++++ MATERIAL SHOWN

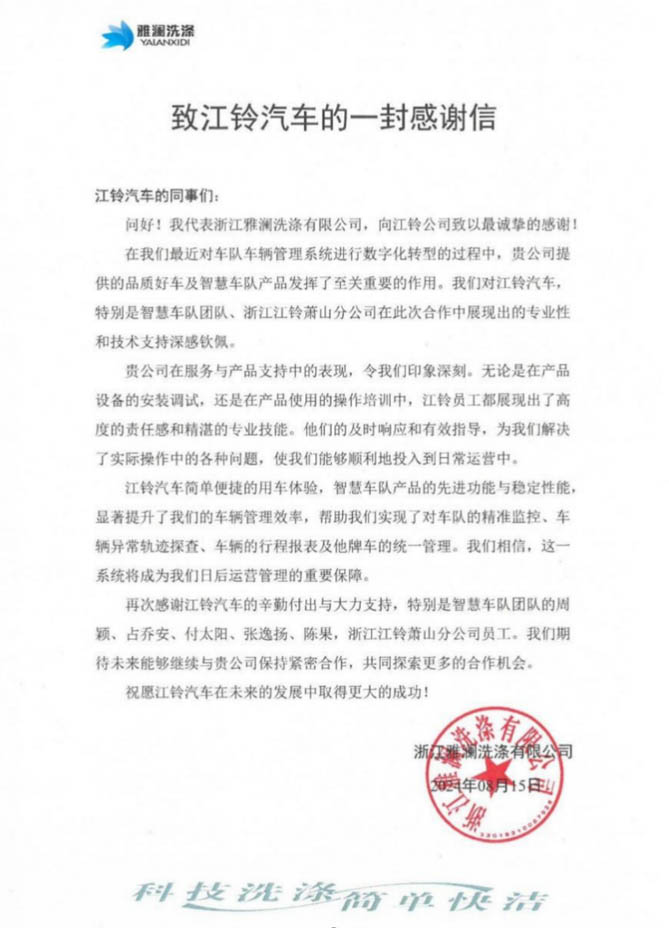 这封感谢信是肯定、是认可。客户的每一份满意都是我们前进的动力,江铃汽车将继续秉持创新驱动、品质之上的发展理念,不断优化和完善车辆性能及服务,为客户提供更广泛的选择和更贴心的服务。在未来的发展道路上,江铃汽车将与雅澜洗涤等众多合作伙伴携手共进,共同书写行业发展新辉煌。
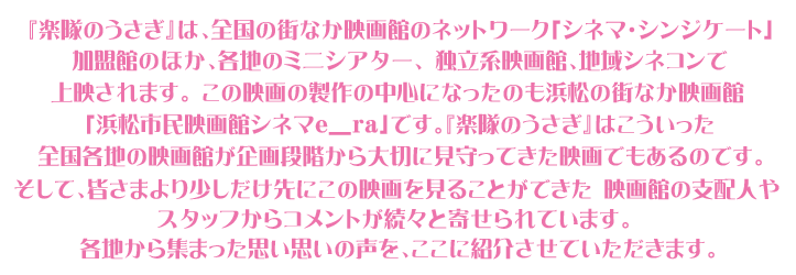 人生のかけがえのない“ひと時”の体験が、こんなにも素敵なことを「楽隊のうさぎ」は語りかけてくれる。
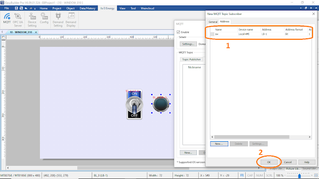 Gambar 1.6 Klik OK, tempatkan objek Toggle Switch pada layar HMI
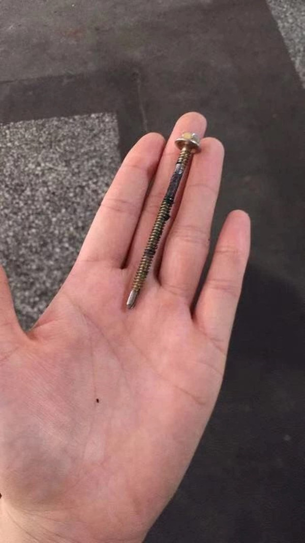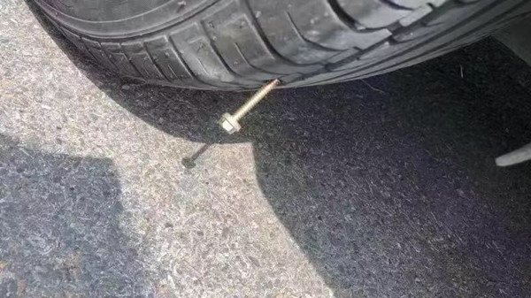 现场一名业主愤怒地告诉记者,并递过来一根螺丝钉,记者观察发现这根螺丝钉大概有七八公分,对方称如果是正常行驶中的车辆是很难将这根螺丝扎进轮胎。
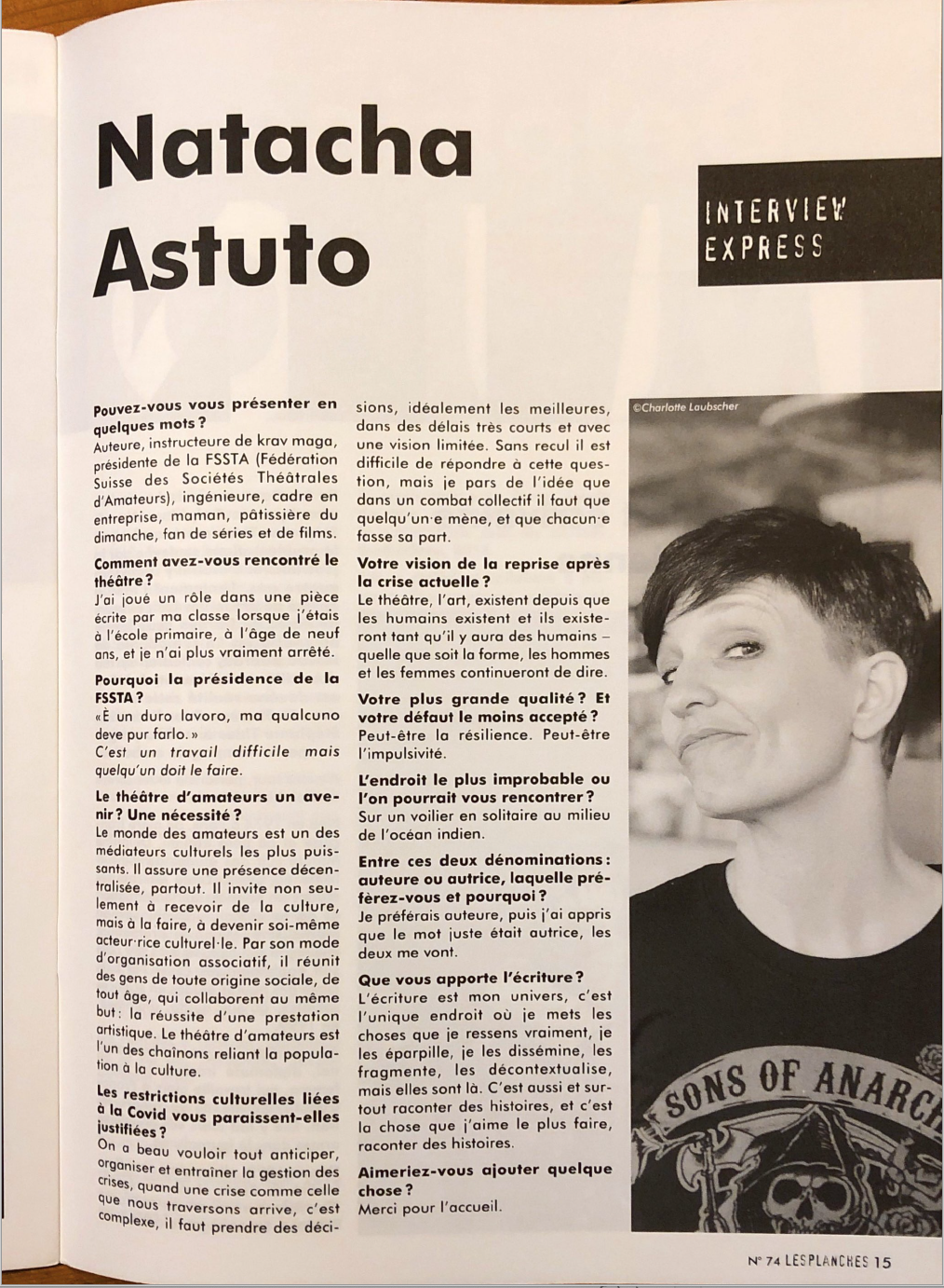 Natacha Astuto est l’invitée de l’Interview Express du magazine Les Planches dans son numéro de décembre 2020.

++++++++

### [ASSIGNMENT]
Could you print the material above word for word and skip the images?

### [TASK RESULT]
 这封感谢信是肯定、是认可。客户的每一份满意都是我们前进的动力,江铃汽车将继续秉持创新驱动、品质之上的发展理念,不断优化和完善车辆性能及服务,为客户提供更广泛的选择和更贴心的服务。在未来的发展道路上,江铃汽车将与雅澜洗涤等众多合作伙伴携手共进,共同书写行业发展新辉煌。
 人生のかけがえのない“ひと時”の体験が、こんなにも素敵なことを「楽隊のうさぎ」は語りかけてくれる。
 Gambar 1.6 Klik OK, tempatkan objek Toggle Switch pada layar HMI
 现场一名业主愤怒地告诉记者,并递过来一根螺丝钉,记者观察发现这根螺丝钉大概有七八公分,对方称如果是正常行驶中的车辆是很难将这根螺丝扎进轮胎。
 Natacha Astuto est l’invitée de l’Interview Express du magazine Les Planches dans son numéro de décembre 2020.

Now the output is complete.